Personal

I have always been interested in economic and social inequality. Let’s just say it is hard to grow up in NYC and not be exposed to and become acutely aware of extreme poverty and excessive wealth. My desire to study how economic resource deprivation contributes to inequitable health and wealth outcomes led me to graduate study.  I applied and was accepted to the 2005 American Economic Association Pre-Graduate Summer Program at Duke University. I attended the program for two summers, interning at the Federal Reserve Bank of Boston in between. From there, I enrolled at Cornell University in 2006 and completed my Ph.D. in Policy Analysis and Management in 2012. I received an interdisciplinary education and had the opportunity to supplement my formal economics training with family and social demography and health policy research. Upon finishing my graduate work, I accepted a RWJF Health and Society postdoctoral fellowship at UW-Madison, where I continued my research on wealth and health disparities and family dynamics with a focus on young adults, low-income, racial and ethnic minority women and their families.
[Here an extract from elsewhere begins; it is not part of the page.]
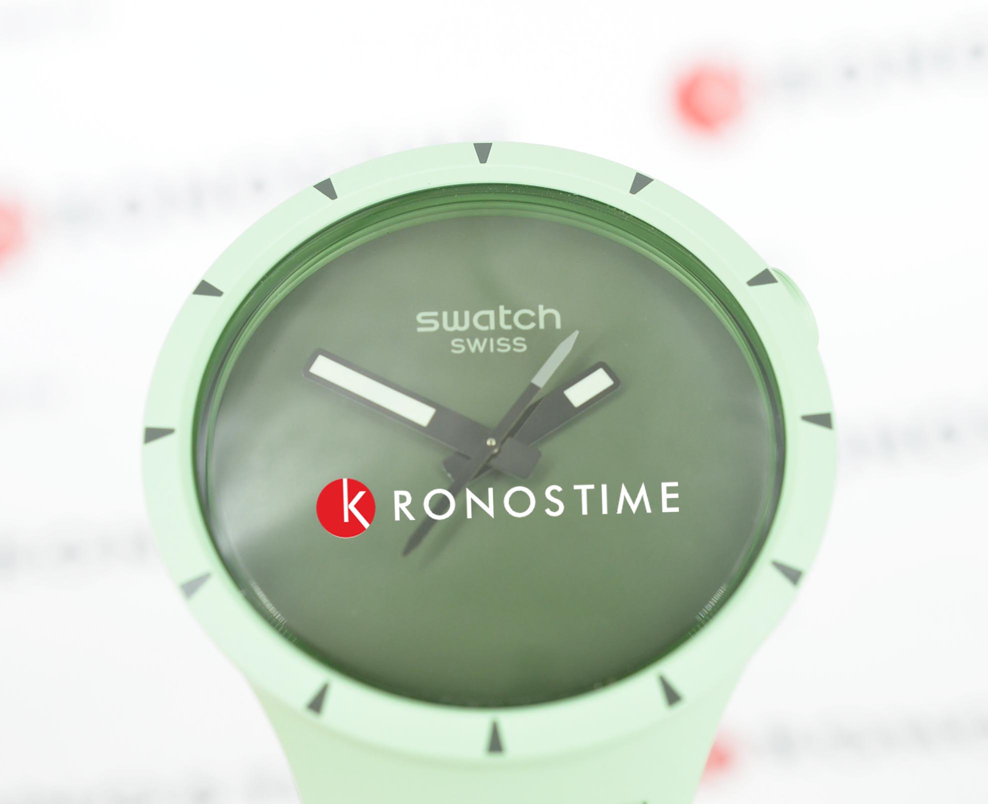 Часы Swatch SB03G100 — это стильный и современный аксессуар для тех, кто ценит лёгкость и комфорт. Часы идеально подойдут как для мужчин, так и для женщин. Корпус из биокерамикиБиокерамикаБиокерамика — это материал, который на две трети состоит из керамики, на одну треть — из биопластика. Он сочетает в себе лучшие качества обоих материалов и обладает прочностью и шелковистой на ощупь текстурой., а ремешок — из однотонного матово-зеленого силикона. Темно-зеленый циферблат подчеркивает белые акценты на темных стрелках. Секундная стрелка, прообразом которой стала стрелка компаса, усиливает дух приключений. На часовую и минутную стрелки нанесено люминесцентное покрытиеЛюминесцентное покрытиеПозволяет считывать показания времени в темноте. Производители наносят на стрелки, часовые индексы, безель или поверхность циферблата светонакопительный состав, дающий холодное свечение., которое светится в темноте, создавая необычное изображение. Водозащита 30 метров делает часы практичными для повседневного использования. Эти часы подойдут для повседневного ношения и станут ярким акцентом в вашем наряде.

I was born and raised in Brooklyn, New York, and am the daughter of a Ghanaian immigrant and a proud Black mother whose parents migrated to NYC from Virginia and North Carolina during the late 1940s.

If I had to describe my childhood I would use the following three words: happy, joyful, loved! I grew up in Brooklyn, NY in the 1980s and 1990s. I was surrounded by my beautiful family, and a tight-knit community at home and at church.  I was lucky enough to be exposed to art, music, food, and culture of people from all over the world from a very young age and enjoyed exploring such a fascinating place with all that it had to offer. I’d be remiss if I did not mention that growing up in the birthplace of hip hop/rap defined my childhood.

I love so many things, but especially enjoy travel, food and wine, dessert, 90’s hip hop and R&B, and the arts.

I have both lived and traveled many places, but something that stays the same wherever I go is the quietness of the morning, the beauty of the sunrise, and the sound of the birds chirping (in the summertime). I am definitely a morning person and love being awake to greet the new day.